— Data supplied —
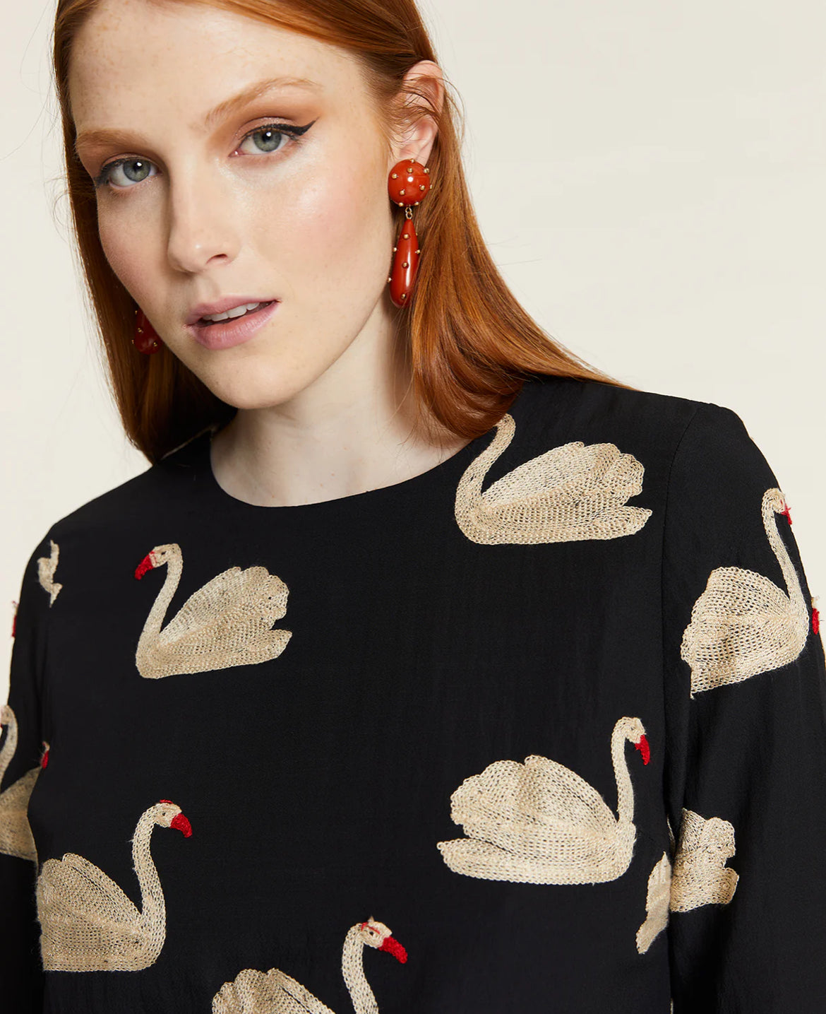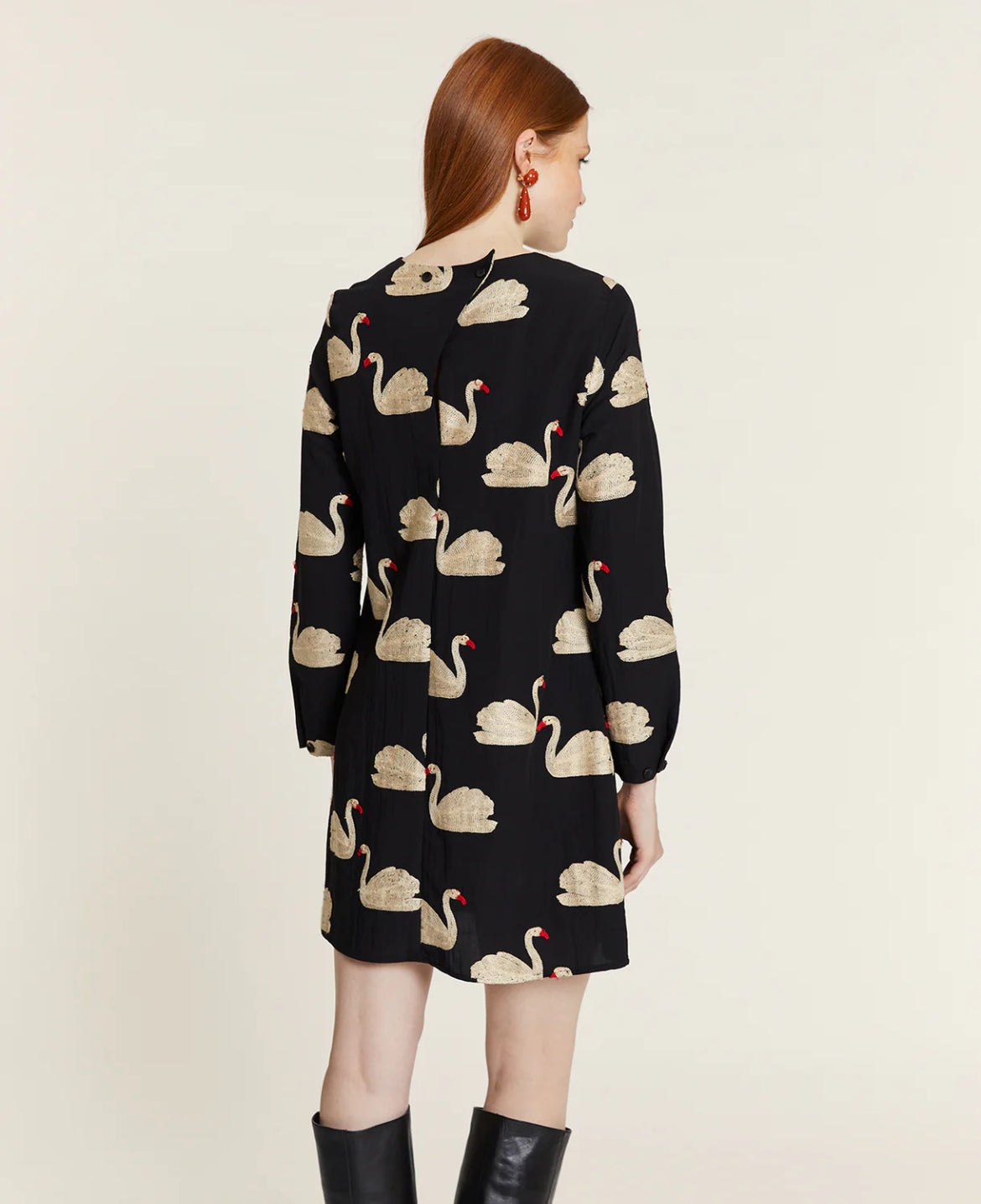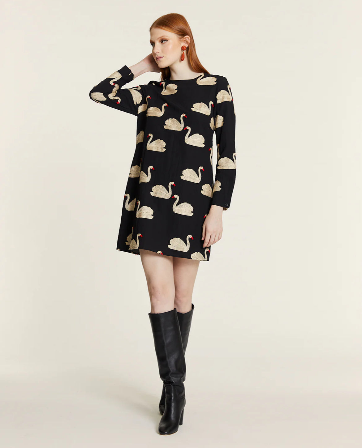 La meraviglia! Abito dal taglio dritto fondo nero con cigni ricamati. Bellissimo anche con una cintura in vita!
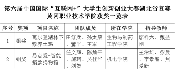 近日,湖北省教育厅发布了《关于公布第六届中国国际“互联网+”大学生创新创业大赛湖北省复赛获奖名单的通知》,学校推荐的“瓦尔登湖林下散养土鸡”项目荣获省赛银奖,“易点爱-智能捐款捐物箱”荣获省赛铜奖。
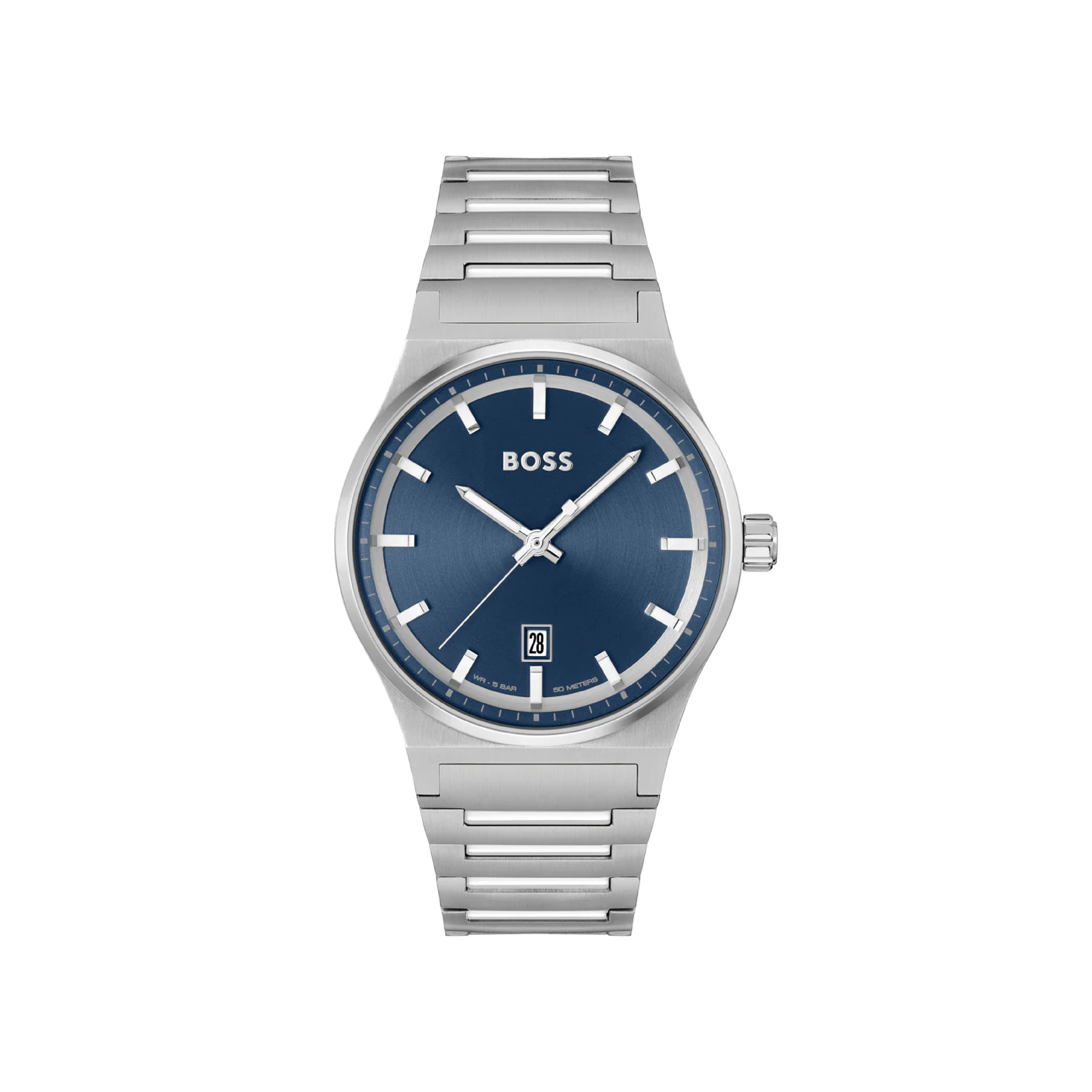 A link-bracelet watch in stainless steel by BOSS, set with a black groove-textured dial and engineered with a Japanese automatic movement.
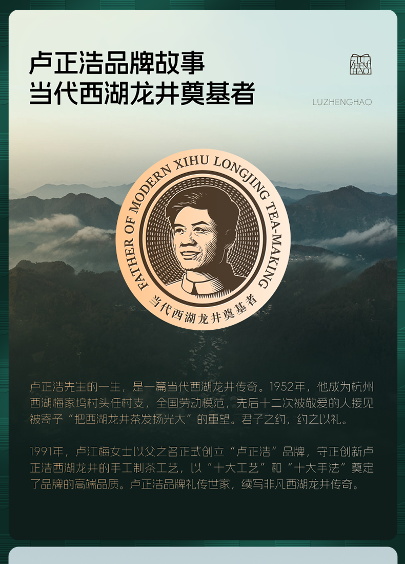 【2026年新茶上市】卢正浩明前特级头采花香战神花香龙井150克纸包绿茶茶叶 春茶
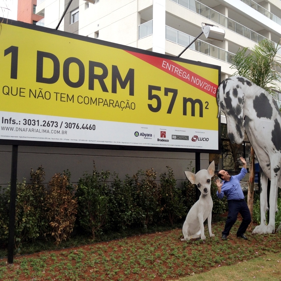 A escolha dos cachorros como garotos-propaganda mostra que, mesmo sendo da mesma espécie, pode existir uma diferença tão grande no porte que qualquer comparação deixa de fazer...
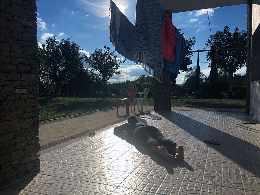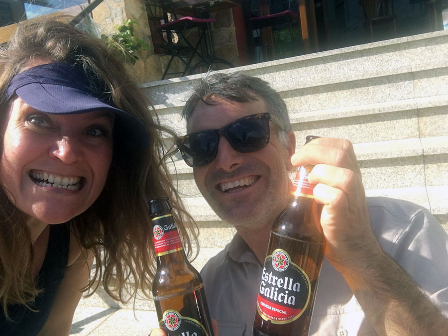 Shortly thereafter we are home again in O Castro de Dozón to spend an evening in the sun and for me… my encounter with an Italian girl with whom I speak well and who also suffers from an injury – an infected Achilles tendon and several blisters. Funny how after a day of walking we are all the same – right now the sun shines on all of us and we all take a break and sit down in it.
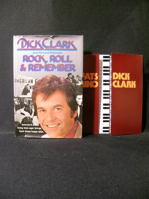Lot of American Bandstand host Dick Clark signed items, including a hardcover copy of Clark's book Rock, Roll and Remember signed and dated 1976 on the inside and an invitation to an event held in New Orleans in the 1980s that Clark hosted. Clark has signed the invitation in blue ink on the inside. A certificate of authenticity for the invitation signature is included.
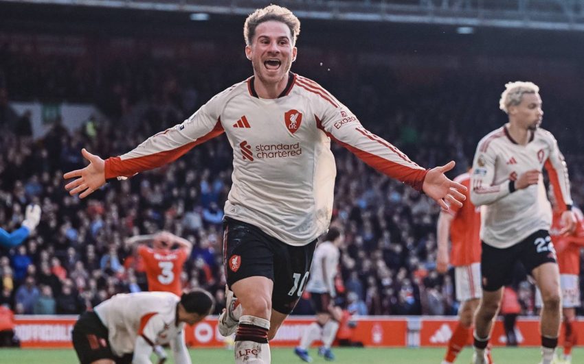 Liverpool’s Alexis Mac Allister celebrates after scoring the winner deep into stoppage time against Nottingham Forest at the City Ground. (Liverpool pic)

* * *

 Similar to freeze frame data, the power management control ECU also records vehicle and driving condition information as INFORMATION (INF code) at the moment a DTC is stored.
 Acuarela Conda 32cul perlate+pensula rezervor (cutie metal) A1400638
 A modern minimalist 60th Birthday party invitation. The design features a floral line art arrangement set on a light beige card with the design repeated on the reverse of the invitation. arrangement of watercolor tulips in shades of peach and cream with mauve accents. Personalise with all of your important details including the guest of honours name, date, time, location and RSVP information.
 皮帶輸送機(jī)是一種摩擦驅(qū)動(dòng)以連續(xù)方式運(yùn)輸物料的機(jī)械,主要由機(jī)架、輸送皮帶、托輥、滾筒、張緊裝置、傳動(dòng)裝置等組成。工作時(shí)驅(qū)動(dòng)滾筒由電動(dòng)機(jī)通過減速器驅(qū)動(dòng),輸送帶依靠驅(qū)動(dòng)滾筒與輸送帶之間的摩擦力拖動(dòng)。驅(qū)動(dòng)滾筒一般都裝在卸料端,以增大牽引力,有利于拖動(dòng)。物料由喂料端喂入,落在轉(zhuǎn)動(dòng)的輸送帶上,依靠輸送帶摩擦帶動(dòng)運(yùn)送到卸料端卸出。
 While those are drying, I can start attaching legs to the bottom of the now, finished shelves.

...

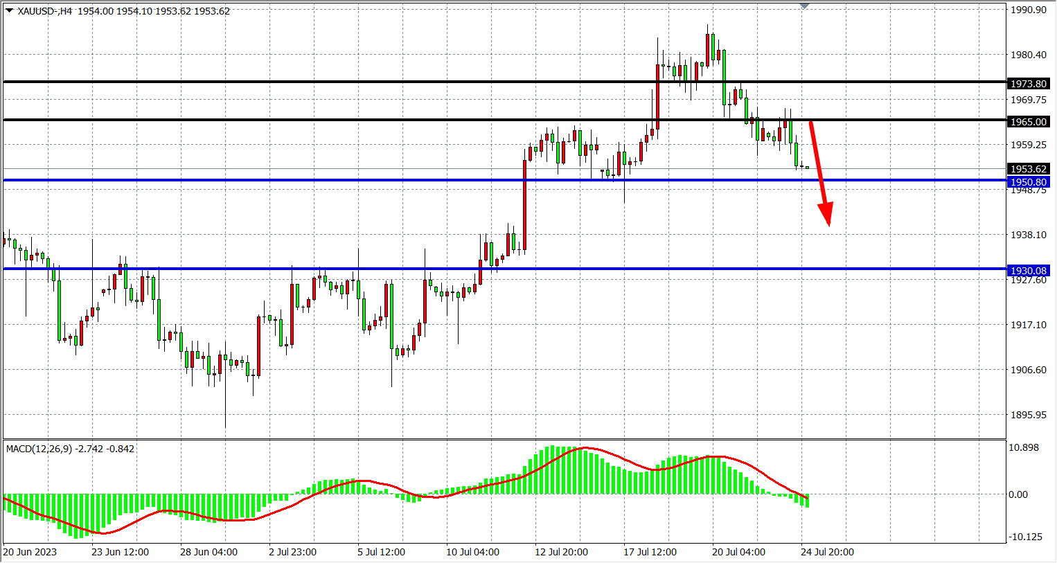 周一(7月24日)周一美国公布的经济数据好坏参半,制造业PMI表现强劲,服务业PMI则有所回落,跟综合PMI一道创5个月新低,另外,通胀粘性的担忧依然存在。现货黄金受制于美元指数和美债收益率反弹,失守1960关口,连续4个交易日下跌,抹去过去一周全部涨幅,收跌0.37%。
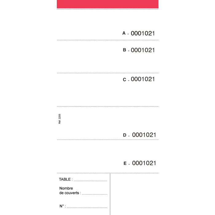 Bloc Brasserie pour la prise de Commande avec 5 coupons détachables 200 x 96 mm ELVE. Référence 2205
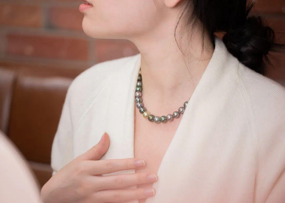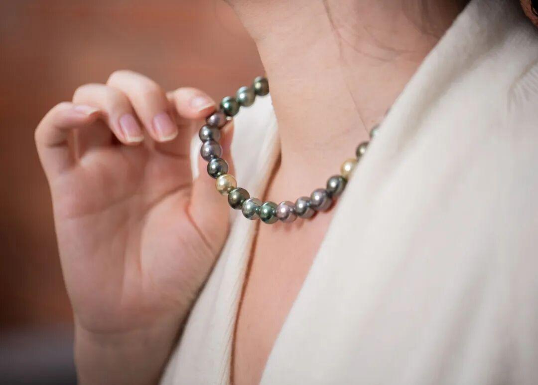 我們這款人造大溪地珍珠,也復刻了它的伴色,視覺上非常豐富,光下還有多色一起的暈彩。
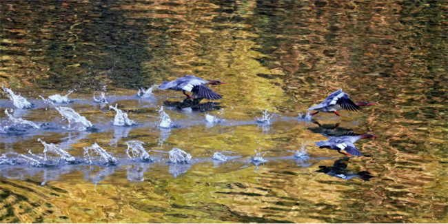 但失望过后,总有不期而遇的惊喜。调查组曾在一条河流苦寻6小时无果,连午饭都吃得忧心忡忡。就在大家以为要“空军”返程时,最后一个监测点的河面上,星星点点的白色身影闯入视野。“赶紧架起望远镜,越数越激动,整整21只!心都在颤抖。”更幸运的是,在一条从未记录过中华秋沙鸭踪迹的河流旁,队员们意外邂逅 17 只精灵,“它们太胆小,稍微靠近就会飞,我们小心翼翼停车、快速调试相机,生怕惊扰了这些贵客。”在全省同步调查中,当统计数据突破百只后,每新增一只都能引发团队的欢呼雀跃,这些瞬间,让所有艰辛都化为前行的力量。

— Task objective —
Give again, exactly as written above, each line from the one that has "La meraviglia! Abito" to the one that has "近日,湖北省教育厅发布了《关", both included; omit the pictures.

— Solution for this problem —
 La meraviglia! Abito dal taglio dritto fondo nero con cigni ricamati. Bellissimo anche con una cintura in vita!
 近日,湖北省教育厅发布了《关于公布第六届中国国际“互联网+”大学生创新创业大赛湖北省复赛获奖名单的通知》,学校推荐的“瓦尔登湖林下散养土鸡”项目荣获省赛银奖,“易点爱-智能捐款捐物箱”荣获省赛铜奖。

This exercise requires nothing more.